If I leave it on default of 8 cores, 1, 2, 8 workers, that runs normally. So it seems limited to 4 cores/4 worker setting.

ATH 2019-07-29 08:25

Sounds like it is a problem with hwloc?

I think you can disable hwloc with this line in prime.txt, maybe you can check if that helps?
EnableSetAffinity=0

mackerel 2019-07-29 08:52

I'm at work now so it will be some time before I can do any follow up testing. It seems to get past hwloc ok, and the crash happens when running the fft. I guess the question now is, what is different about running 4c4w than 8c 1,2,8w?

Forgot to say, I quickly tried same on a 6700k at 4c4w, ran normally without problem.

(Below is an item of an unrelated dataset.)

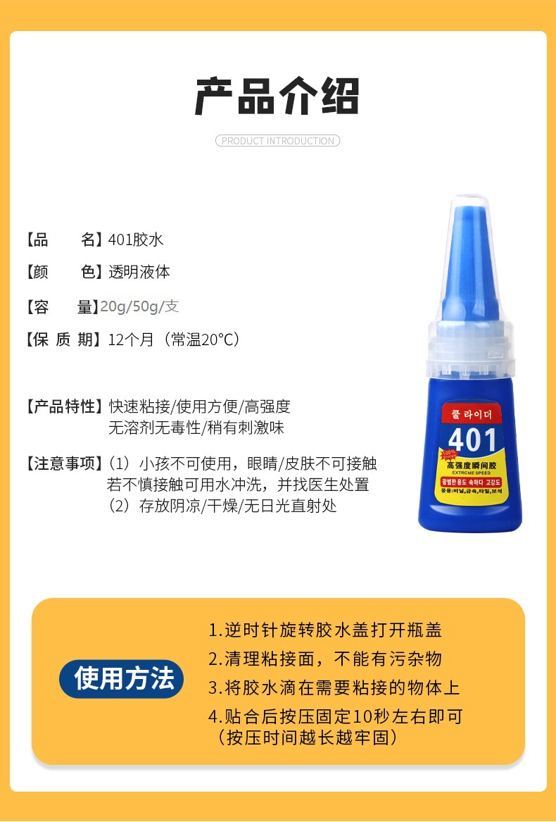 강한 투명한 낮은 알비노 한국 스타일 401 접착제 다기능 네일 아트 부드러운 신발 수리 금속 플라스틱 보석스토어 가기

Edit: didn't think at the time, wonder if 8 cores, 4 workers would work...

Prime95 2019-07-29 13:49

Does not sound like an hwloc problem.

mackerel 2019-07-29 17:43

To recap and cover new testing:

Prime95 29.8b5
Windows 10 64-bit (probably all on 1903)
4800k FFT throughput benchmark

3700X (Zen 2, 8 cores)
8 cores 1, 2, 4, 8 workers: ok
4 cores, 4 workers: crashes

3600 (Zen 2, 6 cores)
6 cores, 1, 2, 6 workers: ok
4 cores, 4 workers: crashes

6700k (Skylake 4 cores)
4 cores, 4 workers: ok

8086k (Coffee Lake 6 cores)
6 cores, 1, 6 workers: ok
4 cores, 4 workers: ok

I can't easily test older Ryzen generations as I dropped the new CPUs into the systems that had them.

ixfd64 2019-07-29 18:44

Is this issue 100% reproducible?

Prime95 2019-07-29 19:29

[QUOTE=ixfd64;522529]Is this issue 100% reproducible?[/QUOTE]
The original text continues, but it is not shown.